Yogurt & KEFIR

Kefir grains are a combination of bacteria and yeasts in a matrix of proteins, lipids, and sugars, and this symbiotic matrix forms “grains” that resemble cauliflower. For this reason, a complex and highly variable community of lactic acid bacteria and yeasts can be found in these grains.

Kefir grains contain a water soluble polysaccharide known as kefiran, which imparts a rope-like texture and feeling in the mouth; appear in hues ranging from white to yellow; and usually grow to the size of walnuts (although rice-grain-sized grains have been known to develop).

Traditional kefir is fermented at ambient temperatures, generally overnight. Fermentation of the lactose yields a sour, carbonated, slightly alcoholic beverage, with a consistency similar to thin yogurt.[4] Kefir fermented by small-scale dairies early in the 20th century achieved alcohol levels between 1 and 2 percent, but kefir made commercially with modern methods of production has less than 1% alcohol, possibly due to reduced fermentation time.[5]

Variations that thrive in various other liquids exist, and they vary markedly from kefir in both appearance and microbial composition. Water kefir (or kefir d’acqua) is grown in water with sugar (sometimes with added dry fruit such as figs, and lemon juice) for a day or more at room temperature.

Production of traditional kefir requires a starter community of kefir grains which are added to the liquid one wishes to ferment. Kefir grains cannot be produced from scratch, but the grains grow during fermentation, and additional grains are produced. Kefir grains can be bought from or donated by other growers.

The traditional, or artisanal, method of making kefir is achieved by directly adding kefir grains (2–10%) to milk in a loosely covered acid proof container which is traditionally agitated once or more times a day. It is not filled to capacity, allowing room for some expansion as the kefiran and carbon dioxide gas produced causes the liquid level to rise. If the container is not light proof it should be stored in the dark to prevent degradation of vitamins and inhibition of the culture. After a period of fermentation lasting around 24 hours, ideally at 20–25 °C (68–77 °F), the grains are removed from the liquid by sieving and reserved as the starter for a fresh amount of liquid. The temperature during fermentation is not critical as long as it is not above one that will kill the culture (about 40 °C / 104 °F), or much below 4 °C (39 °F) where the process will cease.

The fermented liquid which contains live microflora from the grain, may now be consumed as a beverage, used in recipes, or kept aside for several days to undergo a slower secondary fermentation which further thickens and sours the liquid. Without refrigeration the shelf life is two to three days. The grains will enlarge in the process of kefir production, and eventually split. Grains can be dried at room temperature or lyophilized (freeze-dried) or frozen.
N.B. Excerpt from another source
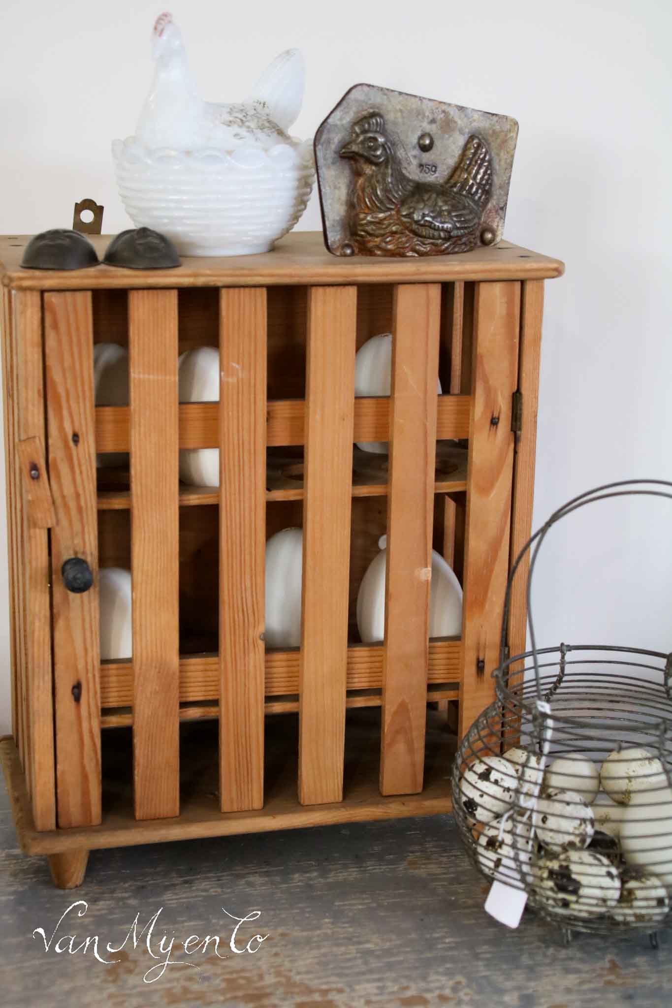 Decoratief oud eierkastje met plaats voor 16 eitejs.
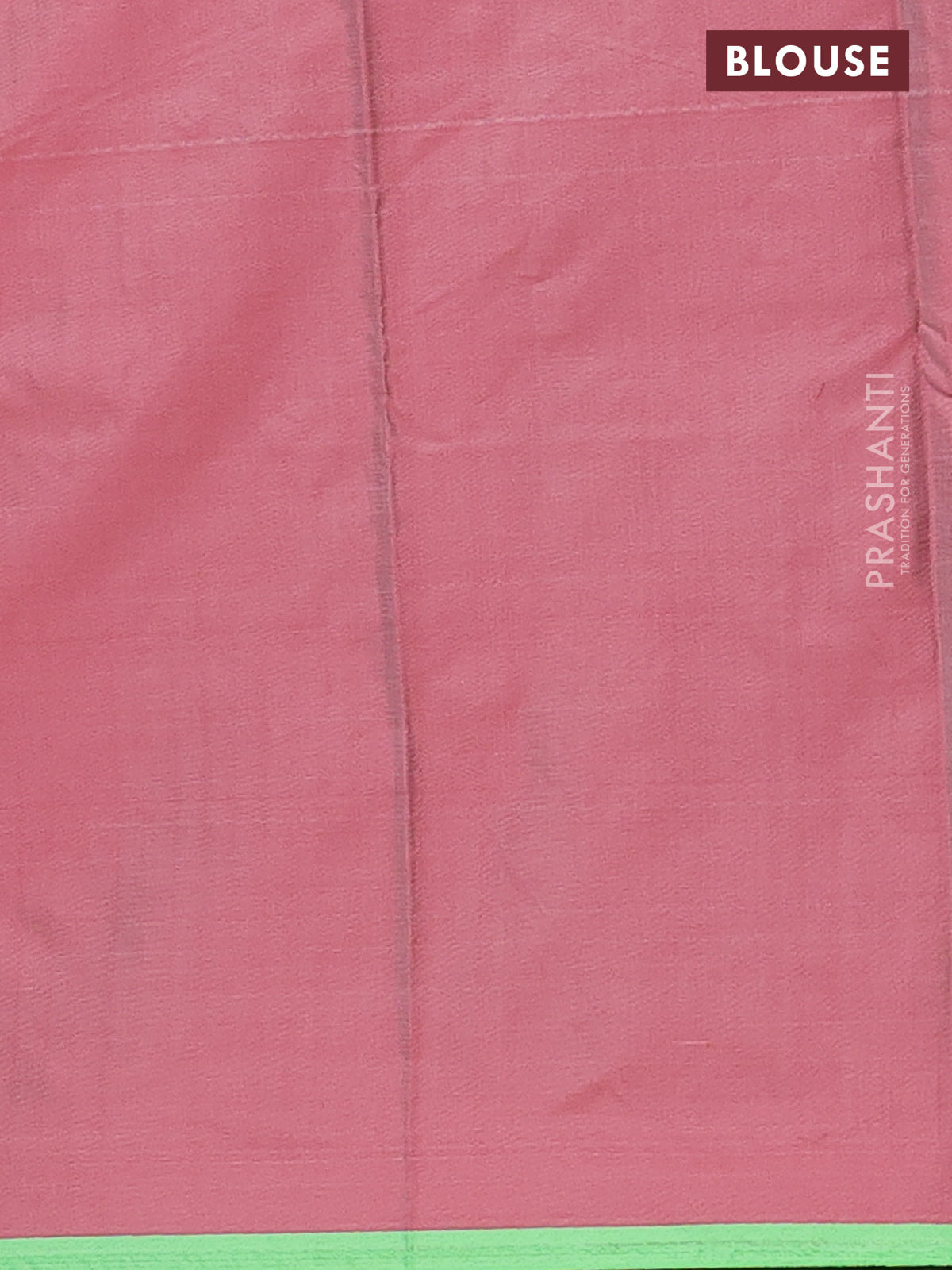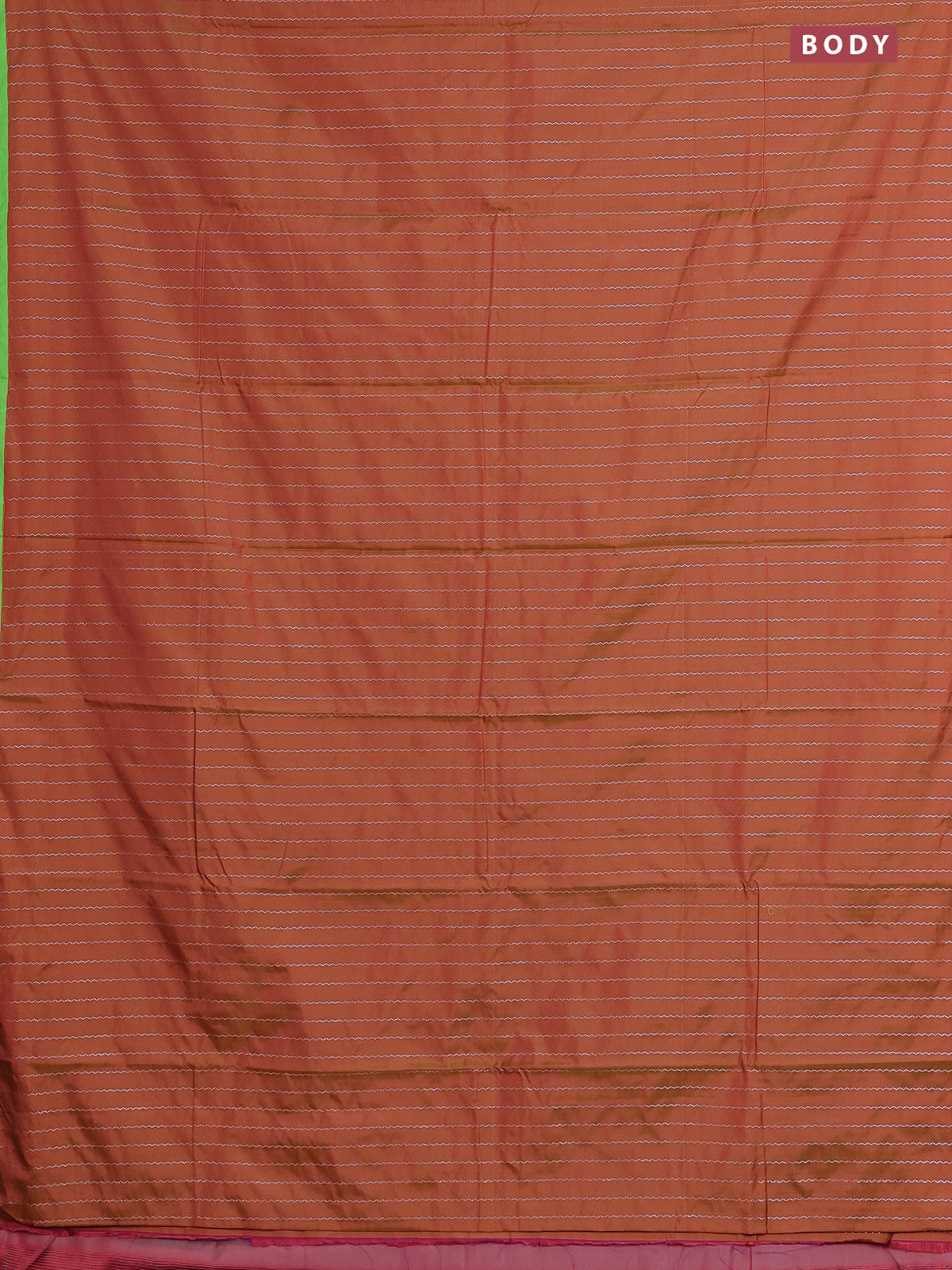 Arani semi silk saree rust shade and light green with allover silver zari weaves and piping border

The Russian method permits production of kefir on a larger scale, and uses two fermentations. The first step is to prepare the cultures by incubating milk with grains (2–3%), as just described. The grains are then removed by filtration and the resulting liquid mother culture is added to milk (1–3%) which is fermented for 12 to 18 hours.

Kefir can be produced using lyophilized cultures commonly available as a POWDER FROM HEALTH FOOD SHOPS. A portion of the resulting kefir can be saved to be used a number of times to propagate further fermentations but ultimately does not form grains, and a fresh culture must be obtained.